Confusion au tribunal

L’acquittement d’un présumé meurtrier relance le débat sur les imperfections du système judiciaire. L’arrêt Jordan, sur les délais de procès, suscite d’étranges interprétations.

C'est l’émoi dans le monde judiciaire. Un Montréalais accusé du meurtre de sa conjointe, Sivaloganathan Thanabalasingam, vient d’être libéré des accusations portées contre lui. Libre comme l’air pour cause de délais déraisonnables.

Il fallait bien s’attendre à des ratés dans le système judiciaire à la suite du prononcé de l’arrêt Jordan par la Cour suprême, en juillet 2016. Pour sortir le système judiciaire de son indéfendable sclérose, le plus haut tribunal du Canada a fixé la durée maximale d’un procès à 18 mois à la Cour du Québec et dans les autres tribunaux provinciaux, et à 30 mois à la Cour supérieure.

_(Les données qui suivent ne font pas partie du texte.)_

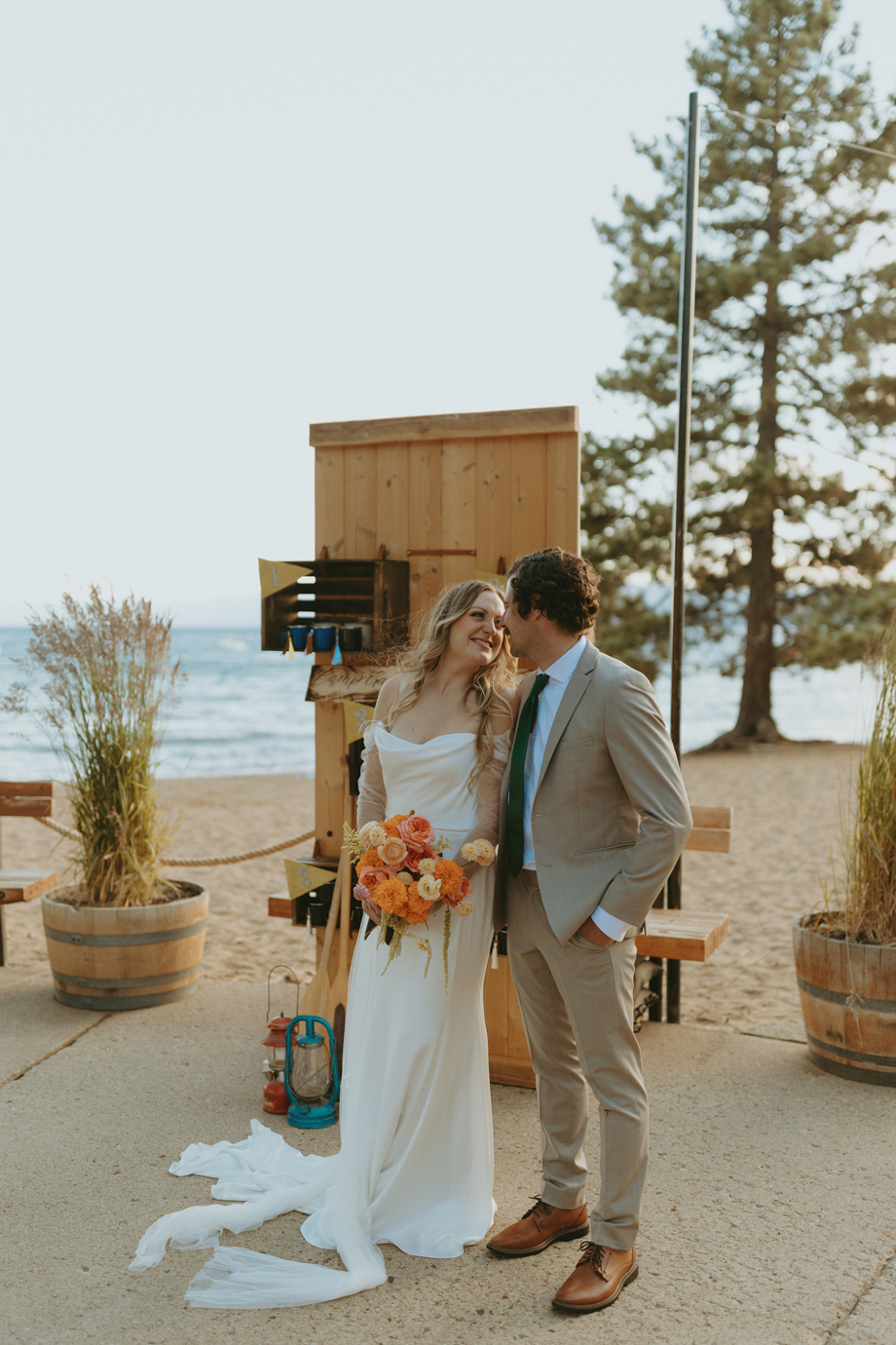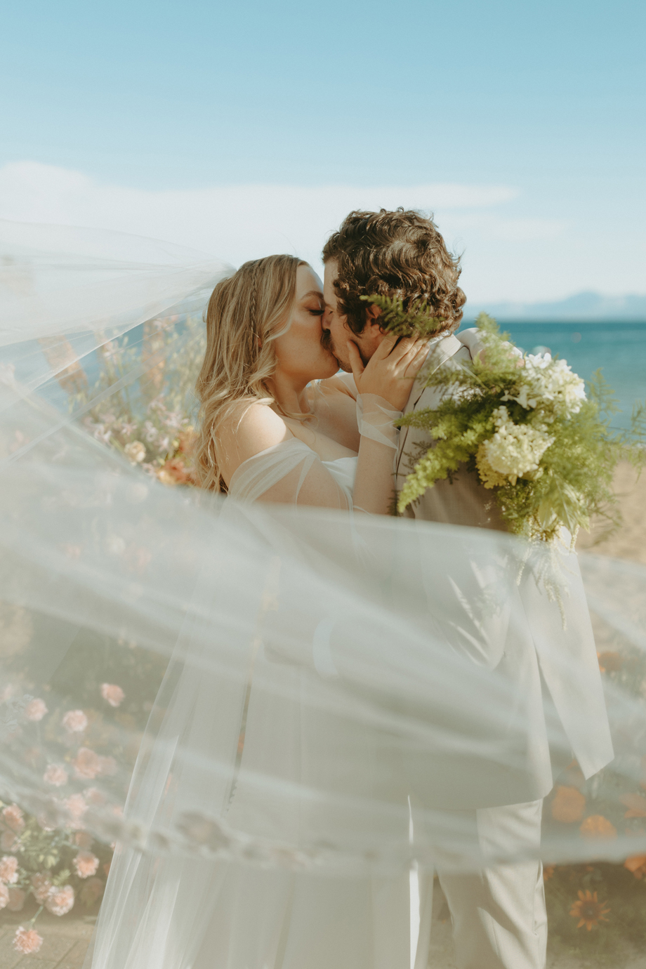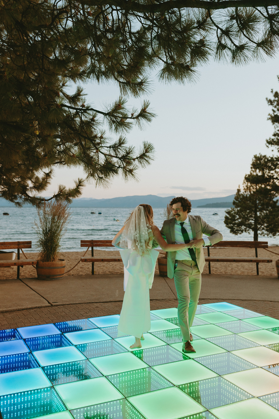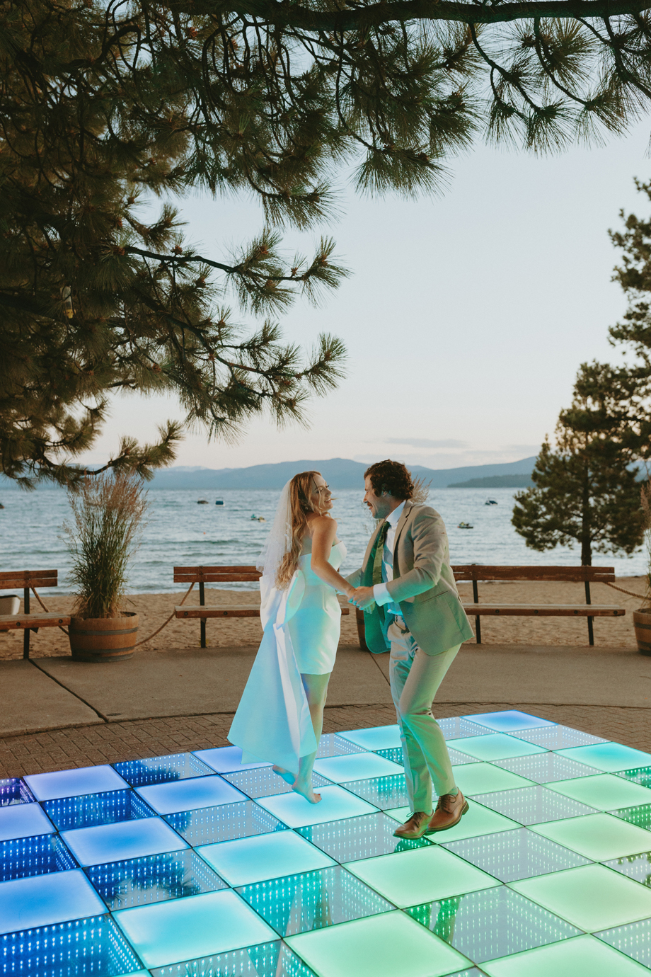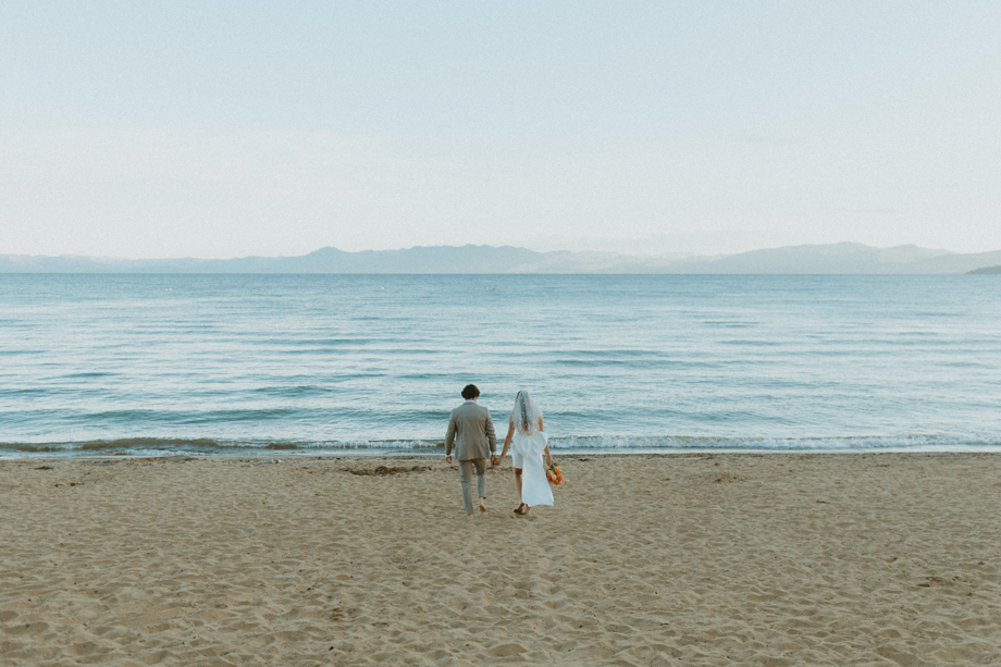 The ceremony let Lake Tahoe’s natural beauty lead while still feeling personal and intimate. Paper goods, rich fabrics, sculptural florals, and fashion-forward styling carried the story into cocktail hour and the reception, where candlelight and curated tablescapes warmed the cool alpine air—editorial yet inviting, elevated but never too serious.

Du jour au lendemain, des criminalistes inventifs ont défriché un nouveau champ du droit, en présentant des requêtes en arrêt des procédures, avec bien peu de succès jusqu’à présent. Leur faculté d’adaptation à la nouvelle réalité contraste avec l’immuabilité du système judiciaire.

L’acquittement de Thanabalasingam, qui attendait son procès depuis près de cinq ans, vient changer la donne. Le Barreau du Québec, le premier ministre, Philippe Couillard, et le juge en chef de la Cour supérieure, Jacques R. Fournier, ont tous exigé que le gouvernement fédéral nomme des juges aux postes vacants à la Cour supérieure. Il est grandement temps qu’Ottawa réponde à la demande urgente et raisonnable du Québec.

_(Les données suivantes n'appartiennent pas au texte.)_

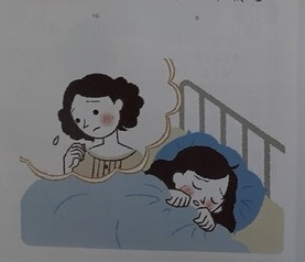 4年2組では道徳科で「目覚まし時計」の学習をしていました。わたしはお母さんからオルゴール付きの目覚まし時計を買ってもらい、最初は自己管理に活かしていました。でも、観たいテレビがあると「少しくらいいいじゃない」と思うように……。今朝は「うるさい目覚まし時計だ」と不機嫌に、小言を言うお母さんへもぷんぷんして登校しました。でも、学校で気分が悪くなり、気づくと保健室で横になってしまいました。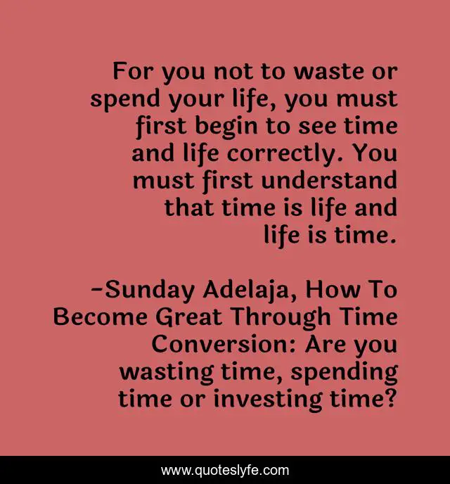 "Sunday Adelaja, How To Become Great Through Time Conversion: Are you wasting time, spending time or investing time? Quotes." Quoteslyfe.com, 2025. Sat. 06 Dec. 2025. <https://www.quoteslyfe.com/quote/For-you-not-to-waste-or-spend-39243>.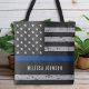 Thin Blue Line Personalized US Flag Police Officer Tote Bag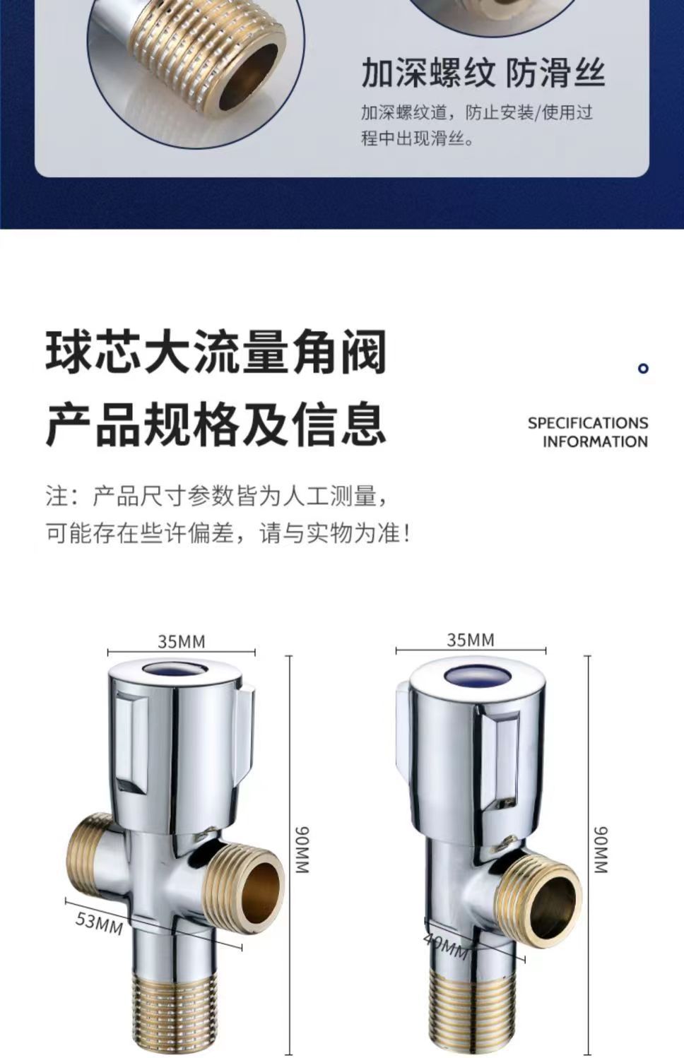 全铜加厚三通角阀 一进二出双出水 多功能三角阀4分接口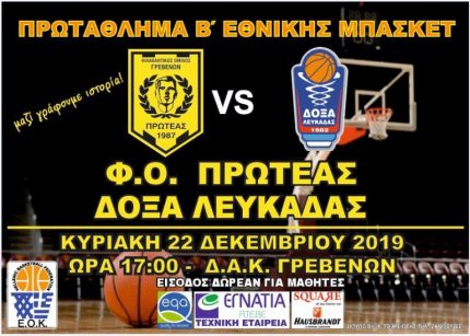 Την Α.Ε.Δόξα Λευκάδας θα αντιμετωπίσει ο Φ.Ο.Πρωτέας Γρεβενών, την Κυριακή 22-12-2019 & ώρα 17:00 στο ΔΑΚ Γρεβενών στο πλαίσιο της 12ης αγωνιστικής του Πρωταθλήματος της Β΄Εθνικής Ανδρών, με την νίκη να αποτελεί μονόδρομο για την ομάδα των Γρεβενών.

Cela dit, l’ajout de juges n’empêchera pas la répétition de catastrophes dans un avenir rapproché. Il faudra des années avant de réformer la culture du système judiciaire, afin d’amener ses principaux acteurs à faire preuve de responsabilité et d’efficacité dans la gestion de leur temps. Des années avant que les gouvernements corrigent le problème du sous-financement du système judiciaire.

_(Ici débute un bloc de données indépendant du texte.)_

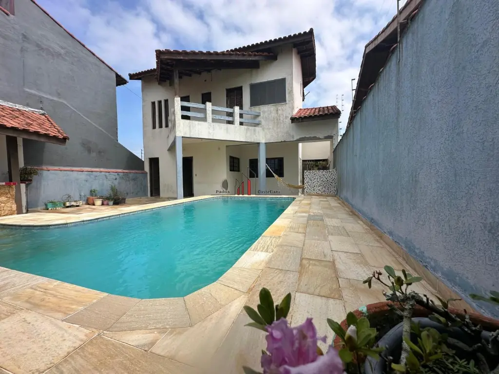 Casa estilo sobrado no Bairro Tupy em Itanhaém no litoral sul de São Paulo, lado praia á 110 metros do mar, em rua calçada. Imóvel com 250 m² de área total, sendo 182 m² de área construída.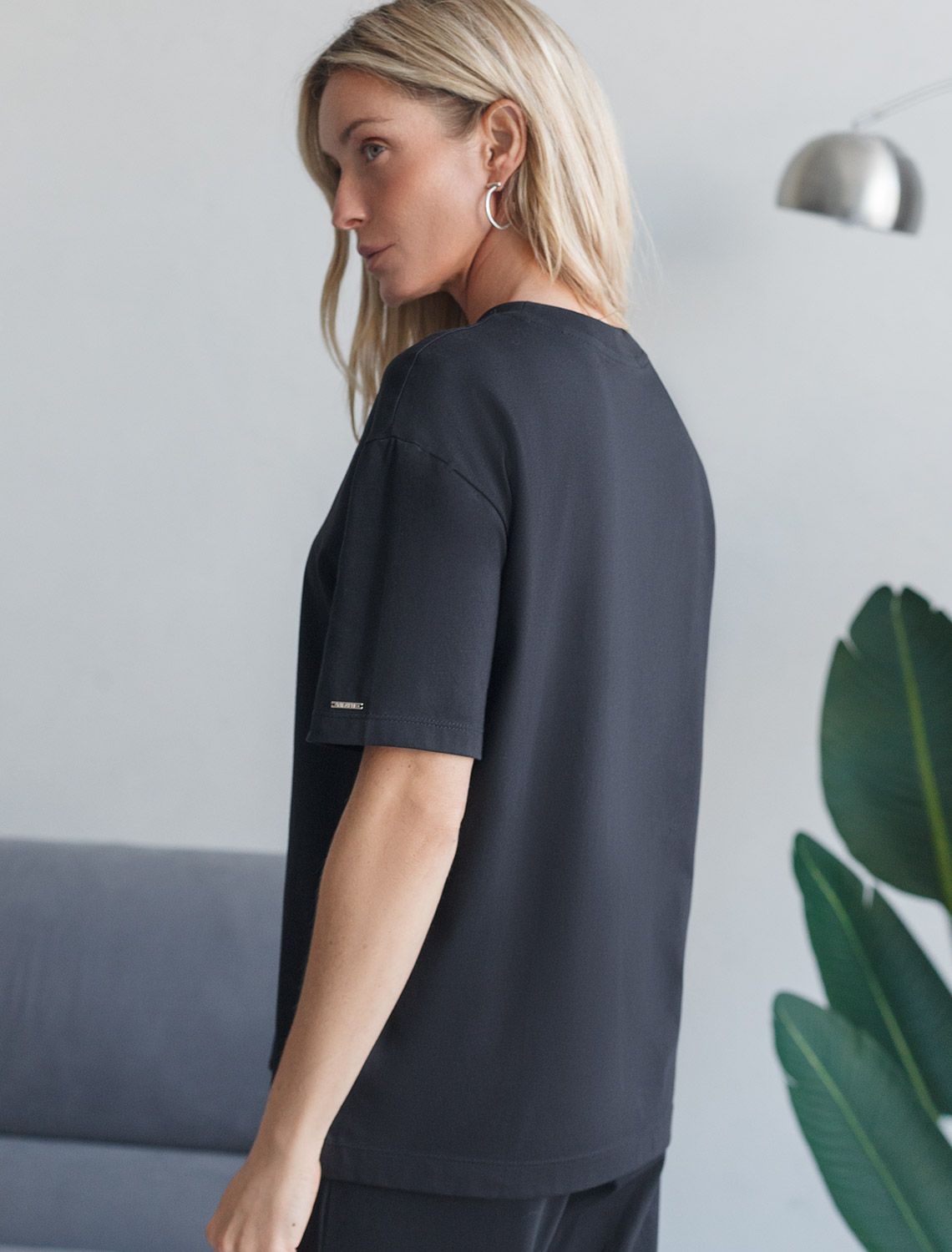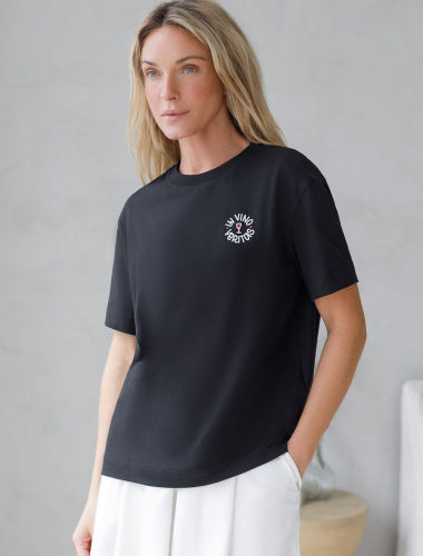 Футболка черного цвета изготовлена из премиального хлопка с эластаном, она обеспечивает невероятное ощущение уюта и легкости. Натуральный материал сохраняет форму и цвет после множества стирок, обеспечивая долговечность изделия, а его высокая воздухопроницаемость создает ощущение свежести даже в течение долгого дня.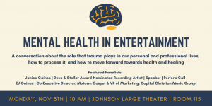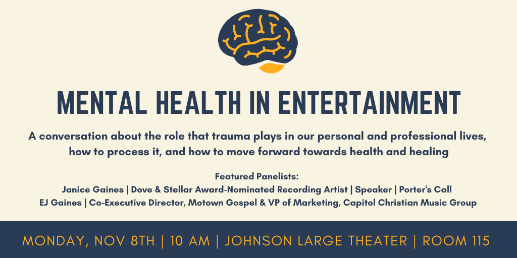 Mental Health In Entertainment File under: on October 25, 2021November 1, 2021 Calendar Add to Calendar Add to Timely Calendar Add to Google Add to Outlook Add to Apple Calendar Add to other calendar Export to XML When: November 8, 2021 @ 10:00 am – 10:50 am 2021-11-08T10:00:00-06:00 2021-11-08T10:50:00-06:00 Where: Johnson 115 Contact: Nina Woodard 615.460.5988 Email Seminar Student Enrichment

Que faire dans l’immédiat ? Surtout, ne pas accepter qu’un présumé meurtrier puisse reprendre le cours de sa vie en toute impunité. La porte-parole du Parti québécois en matière de Justice, Véronique Hivon, a exhorté le premier ministre à recourir à la disposition de dérogation à la Charte canadienne, pour suspendre les droits des accusés et court-circuiter les effets pervers de l’arrêt Jordan. Il s’agit d’un remède d’exception à éviter. La suspension généralisée des libertés civiles, pour des citoyens en attente d’un procès, est une décision qu’il ne faut pas prendre à la légère. Un seul cas d’acquittement, même choquant, ne justifie pas l’utilisation de la disposition de dérogation, que le premier ministre Couillard dépeint comme « l’équivalent de l’arme nucléaire en matière constitutionnelle ».

La Couronne doit porter en appel le verdict d’acquittement prononcé par le juge Alexandre Boucher. Celui-ci a rendu sa décision oralement, avec motifs à suivre, si bien qu’il faudra patienter encore avant de lire son jugement. C’est une curieuse façon de procéder pour une affaire aussi importante.

Le juge Boucher a fait une interprétation ingrate des mesures transitoires prévues dans l’arrêt Jordan, visant à éviter une avalanche d’acquittements pour délais déraisonnables. Les tribunaux sont invités à se montrer plus tolérants à l’égard des délais de procès dans les districts judiciaires où sévissent des « délais institutionnels tenaces et connus ». Le district de Montréal fait partie du lot. Thanabalasingam ne saurait bénéficier d’une situation qui n’est pas la faute de la Couronne.

Cette cause est tout indiquée pour la Cour d’appel, qui pourra baliser la portée des mesures transitoires. De toute évidence, les juges québécois n’en font pas la même lecture. Avant d’exiger la suspension des libertés civiles pour tous, il faut laisser aux tribunaux supérieurs une chance de clarifier ce malentendu.